◆ Data excerpts ◆
------------------------------------------------
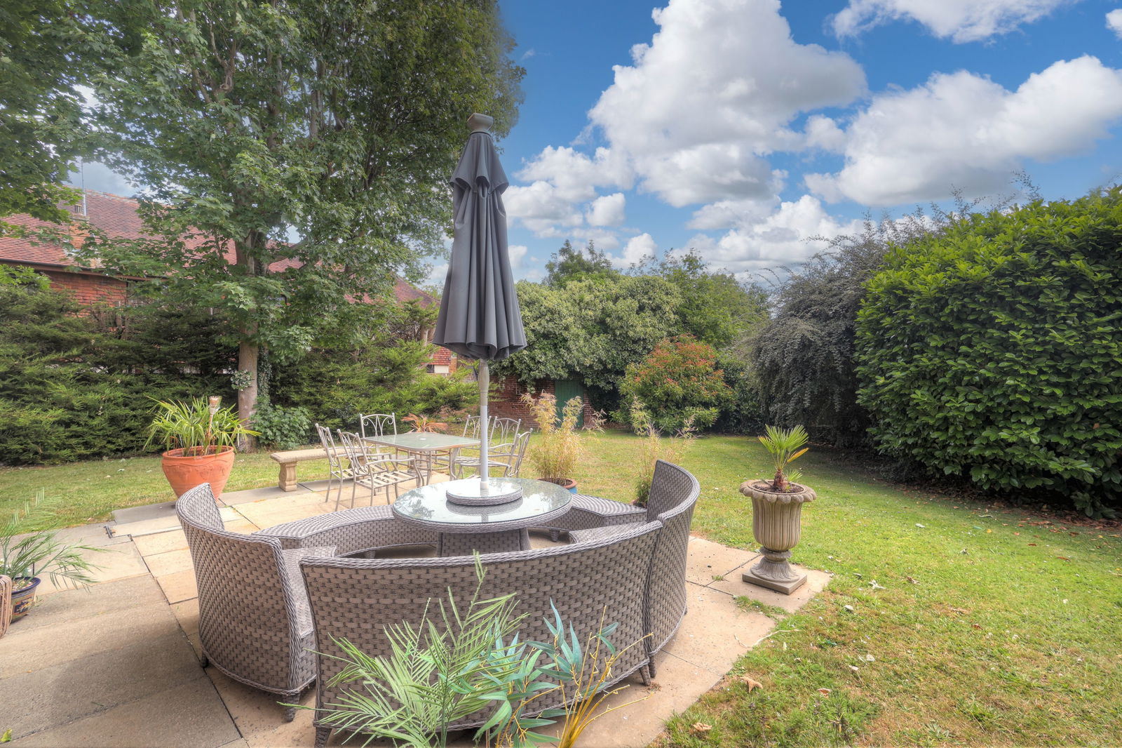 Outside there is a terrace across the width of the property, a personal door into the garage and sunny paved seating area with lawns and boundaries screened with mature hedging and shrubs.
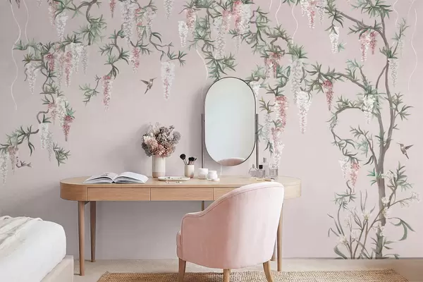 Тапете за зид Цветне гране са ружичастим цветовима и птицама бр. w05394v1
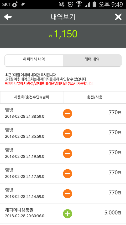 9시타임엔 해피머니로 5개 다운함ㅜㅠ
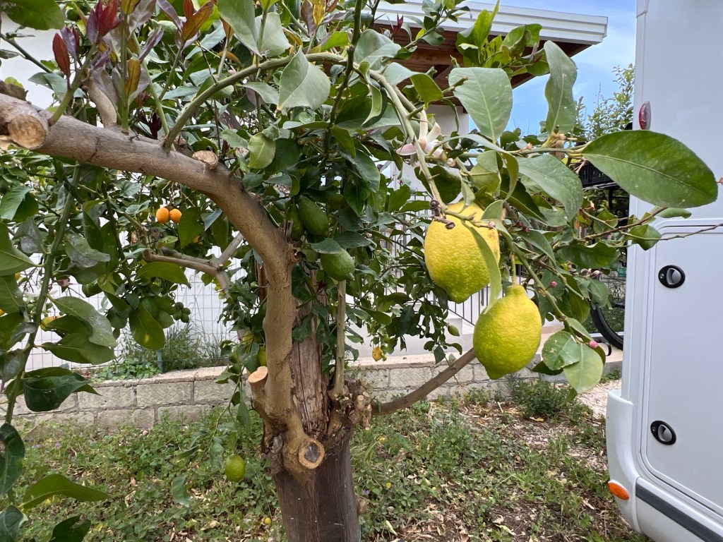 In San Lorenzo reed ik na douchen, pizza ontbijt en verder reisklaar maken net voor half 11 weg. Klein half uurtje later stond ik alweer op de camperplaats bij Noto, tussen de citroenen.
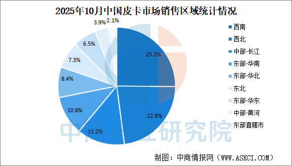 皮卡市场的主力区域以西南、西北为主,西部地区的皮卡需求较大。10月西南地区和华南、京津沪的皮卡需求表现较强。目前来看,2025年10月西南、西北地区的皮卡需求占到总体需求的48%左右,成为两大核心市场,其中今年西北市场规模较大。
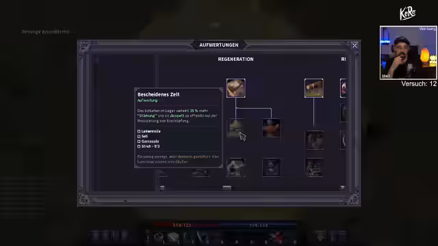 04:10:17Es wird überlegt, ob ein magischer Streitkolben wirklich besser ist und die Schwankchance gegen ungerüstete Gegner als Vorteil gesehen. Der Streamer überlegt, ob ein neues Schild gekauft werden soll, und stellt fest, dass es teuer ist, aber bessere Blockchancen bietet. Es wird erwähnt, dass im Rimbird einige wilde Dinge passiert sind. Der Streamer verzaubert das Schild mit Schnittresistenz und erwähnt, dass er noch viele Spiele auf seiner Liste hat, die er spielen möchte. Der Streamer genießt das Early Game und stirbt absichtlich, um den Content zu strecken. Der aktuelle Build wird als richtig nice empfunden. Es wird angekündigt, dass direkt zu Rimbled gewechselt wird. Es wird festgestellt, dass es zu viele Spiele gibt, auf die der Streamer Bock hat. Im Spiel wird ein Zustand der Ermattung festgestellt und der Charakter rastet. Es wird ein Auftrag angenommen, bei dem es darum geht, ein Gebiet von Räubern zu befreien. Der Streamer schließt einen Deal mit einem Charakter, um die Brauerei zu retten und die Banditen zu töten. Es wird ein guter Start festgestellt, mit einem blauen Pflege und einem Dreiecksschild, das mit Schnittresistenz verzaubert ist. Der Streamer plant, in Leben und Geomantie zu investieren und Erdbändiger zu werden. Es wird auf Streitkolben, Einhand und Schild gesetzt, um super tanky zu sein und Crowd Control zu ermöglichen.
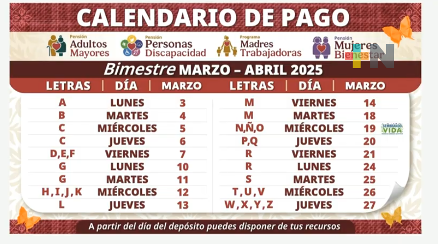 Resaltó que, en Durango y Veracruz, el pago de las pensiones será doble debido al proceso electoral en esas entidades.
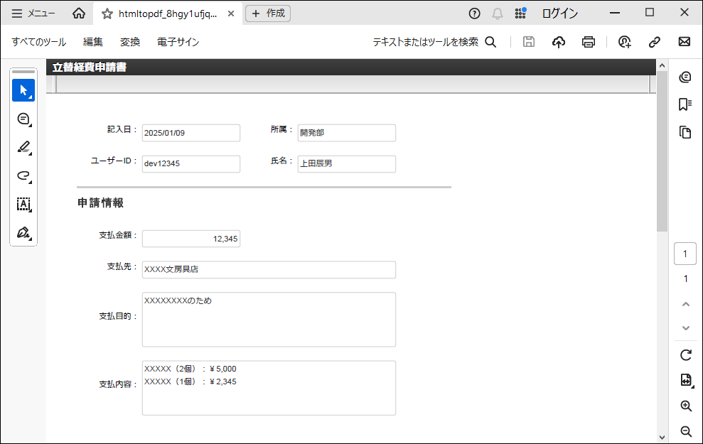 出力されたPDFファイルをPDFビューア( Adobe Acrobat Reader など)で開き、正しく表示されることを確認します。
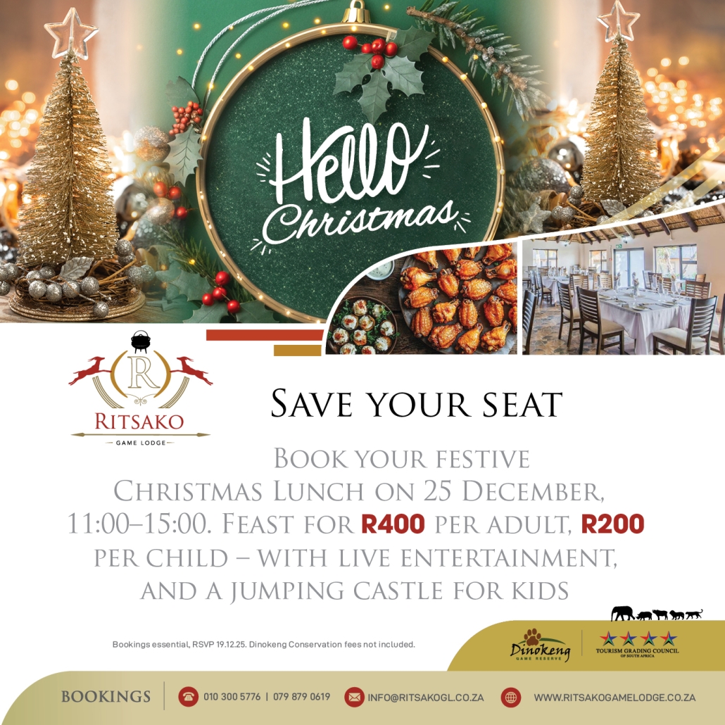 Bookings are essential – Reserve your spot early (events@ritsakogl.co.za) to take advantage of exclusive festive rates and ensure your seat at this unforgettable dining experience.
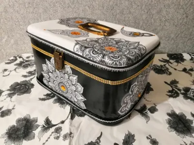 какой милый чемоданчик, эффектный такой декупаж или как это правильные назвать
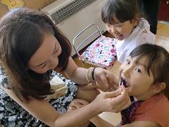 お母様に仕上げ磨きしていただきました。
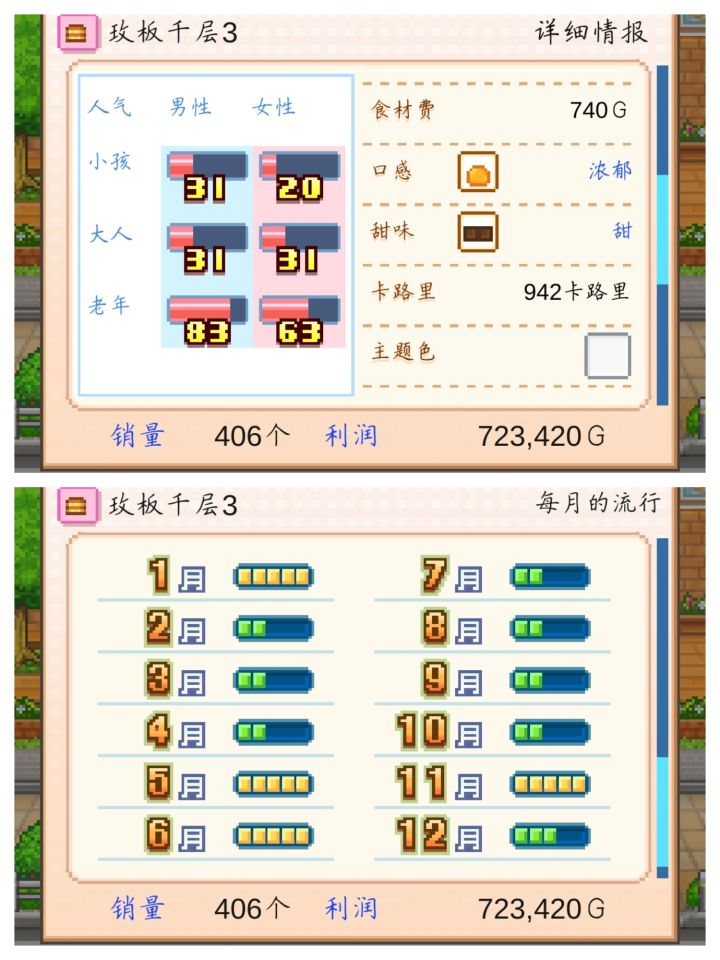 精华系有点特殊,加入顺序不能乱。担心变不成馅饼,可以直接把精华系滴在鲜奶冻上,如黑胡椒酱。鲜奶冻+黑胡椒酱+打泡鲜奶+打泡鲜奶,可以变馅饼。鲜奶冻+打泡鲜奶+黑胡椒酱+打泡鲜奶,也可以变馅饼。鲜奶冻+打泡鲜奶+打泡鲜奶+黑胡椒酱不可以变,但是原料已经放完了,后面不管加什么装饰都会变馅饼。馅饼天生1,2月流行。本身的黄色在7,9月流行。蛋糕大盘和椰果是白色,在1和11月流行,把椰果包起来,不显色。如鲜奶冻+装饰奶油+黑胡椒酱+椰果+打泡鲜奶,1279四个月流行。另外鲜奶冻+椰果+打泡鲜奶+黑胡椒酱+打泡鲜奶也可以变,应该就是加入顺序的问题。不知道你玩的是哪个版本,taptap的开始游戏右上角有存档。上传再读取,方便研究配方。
------------------------------------------------
◆ Task statement ◆
Make an exact copy of the lines of the records from the line containing "Resaltó que, en" through the final line, both ends included, but not of the pictures.

◆ Answer to this exercise ◆
 Resaltó que, en Durango y Veracruz, el pago de las pensiones será doble debido al proceso electoral en esas entidades.
 出力されたPDFファイルをPDFビューア( Adobe Acrobat Reader など)で開き、正しく表示されることを確認します。
 Bookings are essential – Reserve your spot early (events@ritsakogl.co.za) to take advantage of exclusive festive rates and ensure your seat at this unforgettable dining experience.
 какой милый чемоданчик, эффектный такой декупаж или как это правильные назвать
 お母様に仕上げ磨きしていただきました。
 精华系有点特殊,加入顺序不能乱。担心变不成馅饼,可以直接把精华系滴在鲜奶冻上,如黑胡椒酱。鲜奶冻+黑胡椒酱+打泡鲜奶+打泡鲜奶,可以变馅饼。鲜奶冻+打泡鲜奶+黑胡椒酱+打泡鲜奶,也可以变馅饼。鲜奶冻+打泡鲜奶+打泡鲜奶+黑胡椒酱不可以变,但是原料已经放完了,后面不管加什么装饰都会变馅饼。馅饼天生1,2月流行。本身的黄色在7,9月流行。蛋糕大盘和椰果是白色,在1和11月流行,把椰果包起来,不显色。如鲜奶冻+装饰奶油+黑胡椒酱+椰果+打泡鲜奶,1279四个月流行。另外鲜奶冻+椰果+打泡鲜奶+黑胡椒酱+打泡鲜奶也可以变,应该就是加入顺序的问题。不知道你玩的是哪个版本,taptap的开始游戏右上角有存档。上传再读取,方便研究配方。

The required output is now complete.